Matthew Dolan - Roth Capital Partners, LLC, Research Division

Analyst · Roth Capital Partners.

Okay, that's great. And then, Mark, if I could sneak one in on the earning side. It looks like most of the moving parts that you gave us were as predicted on the last call, other than maybe the FX component. So just so we have it straight, it was a $0.03 hit from FX, your number would have been $0.03 higher, and yet, you're maintaining or you haven't changed your guidance for the year? Can you just walk through that dynamic?

Mark P. de Raad

Analyst · Roth Capital Partners.

Yes. No, you're correct. $0.03 was the impact on the current quarter, but obviously, since that's already embedded in that quarterly actual EPS number, by definition, unless we have reasons to change some of our other Q3 through Q4 outlooks, that would suggest no change to the annual guidance.

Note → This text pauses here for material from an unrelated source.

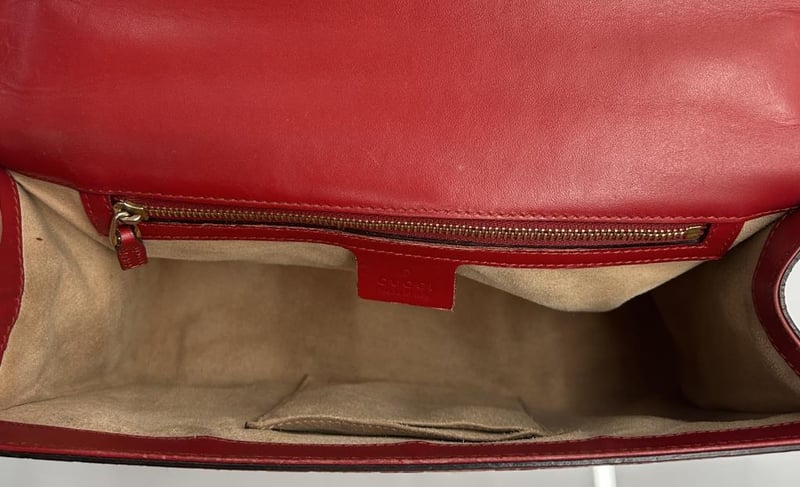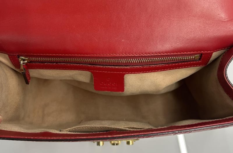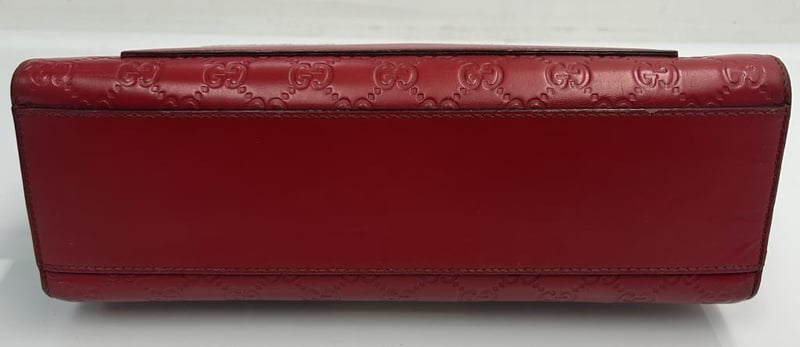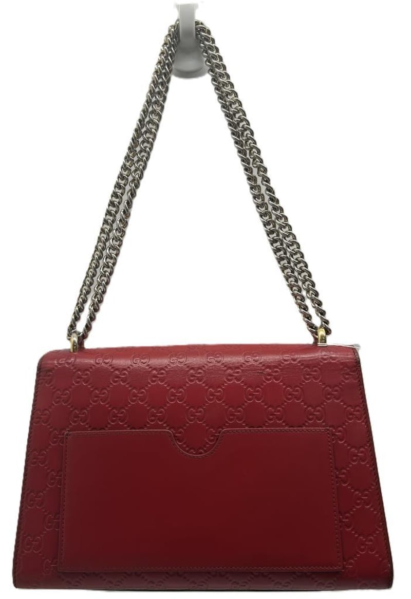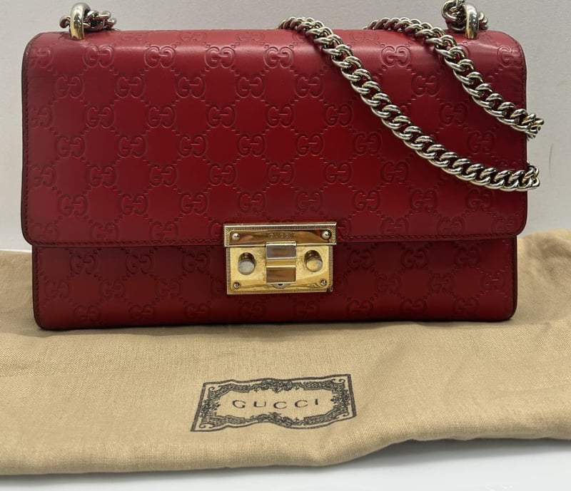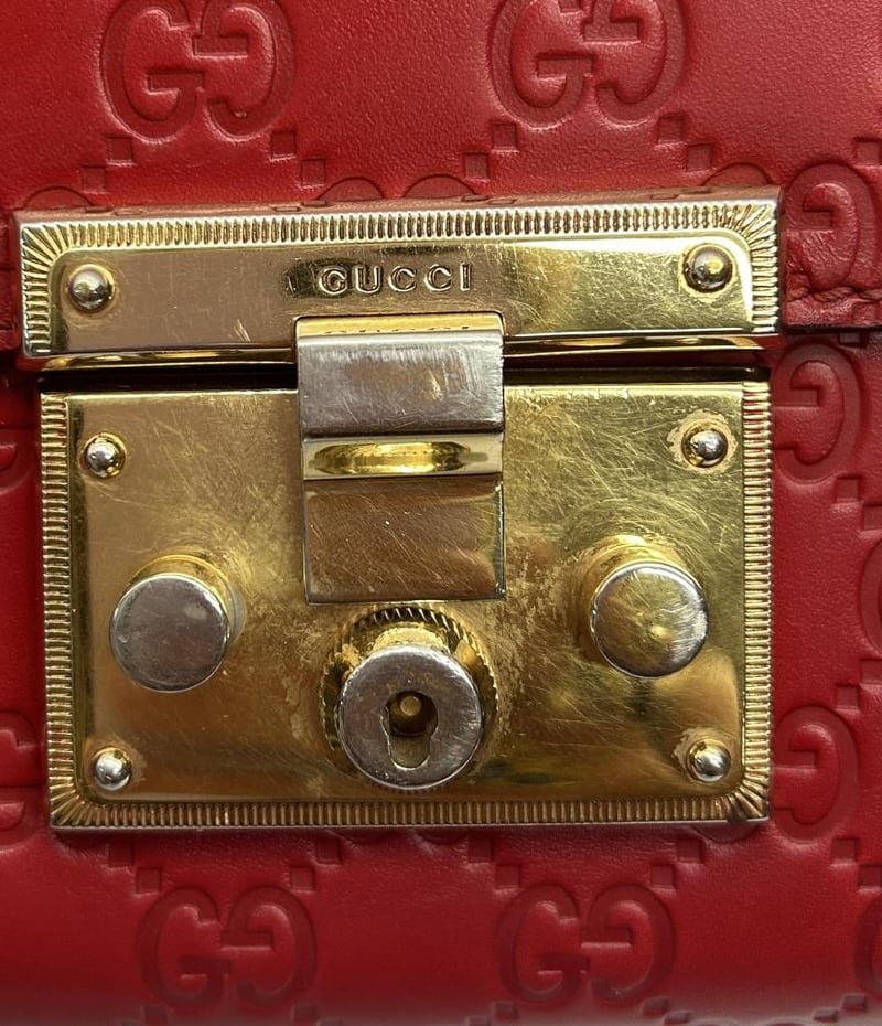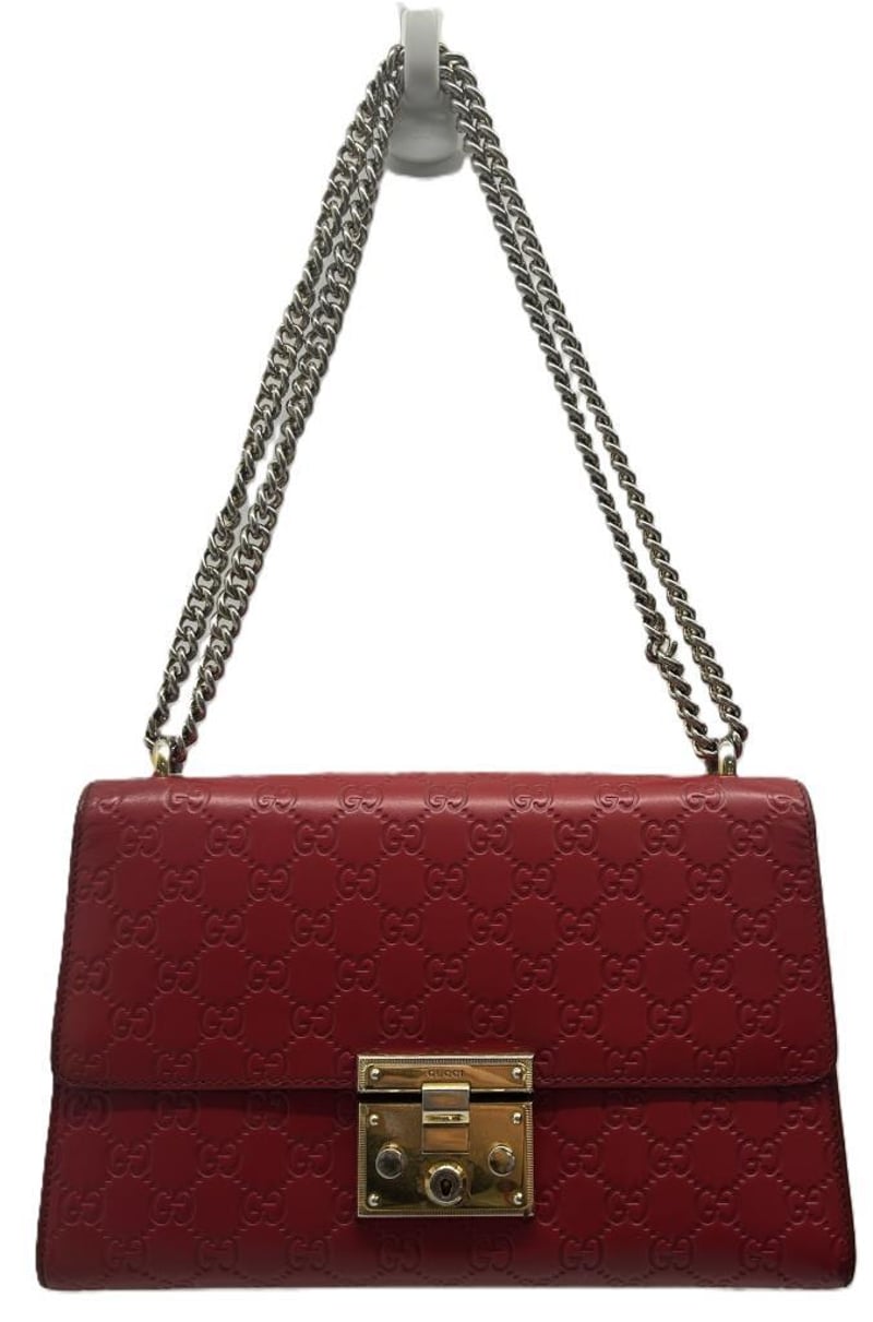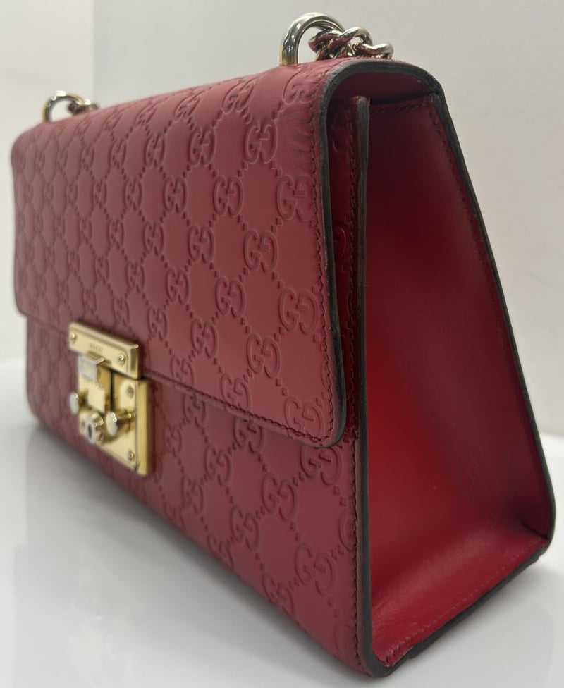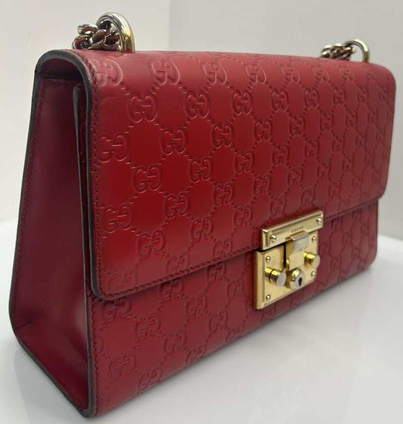 GUCCI GUCCISSIMA PADLOCK RED EMBOSSED LEATHER SHOULDER BAG, GOLD-TONE HARDWARE, CHAIN SHOULDER STRAP, FRONT FLAP WITH ENGRAVED PADLOCK CLOSURE, BEIGE CANVAS INTERIOR WITH SINGLE SLIP POCKET, CRAFTED IN RED GUCCISSIMA CALFSKIN LEATHER, INCLUDES DUST COVER, BAG MEASURES 25 X 17 X 8 CM, MADE IN ITALY. THIS ITEM HAS BEEN PROFESSIONALLY VERIFIED AS A GENUINE PRODUCT AND COMES WITH ACCOMPANYING 3RD PARTY CERTIFICATE OF AUTHENTICITY, CONDITION 8.5/10 WITH MINOR DISCOLOURATION AND LIGHT WEAR TO HARDWARE.

Matthew Dolan - Roth Capital Partners, LLC, Research Division

Analyst · Roth Capital Partners.

Okay, great.

Joe E. Kiani

Analyst · Roth Capital Partners.

Yes, I think obviously, if it wasn't for the Japanese exchange rate going where it went, we would have done about $0.03 better this quarter, but those numbers are already, unfortunately in our $0.28. So -- which is what we had roughly I guess the consensus was.

Operator

Operator

Your next question comes from Joanne Wuensch from BMO Capital Markets.

Jacob Messina

Analyst

This is Jake Messina in for Joanne. I figured it could be easily mistaken. I just wanted to ask, maybe a little bit about given clinical evidence demands when hospitals are looking towards new investments. Do you have any larger studies, plans or working with anyone to validate the claims made for the general floor space or for hemoglobin?

Mark P. de Raad

Analyst

For hemoglobin, we do -- we mentioned the NACHO trial, that is a multicenter, multi-country study that's underway. We're hoping by the ASA timeframe next year, it's maybe -- you have something presented, not this year, but 2014 year. As far as general floor studies, I'm not aware of a large-scale study, but I'm aware of a lot of hospital studies and evaluations, and the results are remarkable. And I think -- I guess, I don't think you need that study. I think it's very clear, it's intuitive to say there are almost automatic and -- one hospital, I don't know if I can mention the name, so I'm not going to, but one hospital reported 50 saves in less than a year after they implemented Patient SafetyNet in the general floor. So it's just so dramatic. There really -- it doesn't make sense that not every hospital has yet implemented a solution, whether ours or somebody else's. Of course, our solution is the best, but they need a solution.

Jacob Messina

Analyst

Great. And then just maybe on gross margins. I know you didn't change guidance, but you did note a 30-basis-point impact from the yen. Was that anticipated? Or would there be a similar impact throughout the rest of the year?

Mark P. de Raad

Analyst

No. Again, by definition, it wouldn't have been anticipated because we assumed our guidance was based upon rates that we started the year with. So that would not change the numbers. And therefore, again, 30 basis points on one quarter can move pretty quickly in the remaining 3 quarters, based upon movements in other directions. For example, FX rates could, obviously, change dramatically again in any of the next 3 quarters. The 30 basis points was not enough to change anything for the year.

Jacob Messina

Analyst

Okay. But given current rates, you could experience similar dynamics if things don't change, right?

Mark P. de Raad

Analyst

Yes, if the yen-dollar exchange rate stays where it is, then you're right. We could see the same kind of impact, at least, from that segment of our business. But again, the point being that their variety of different elements impacting our overall gross profit margins -- gross FX rates, usually not something we bother to call out, but again, because of the dramatic movement this quarter, we felt it was important to highlight that.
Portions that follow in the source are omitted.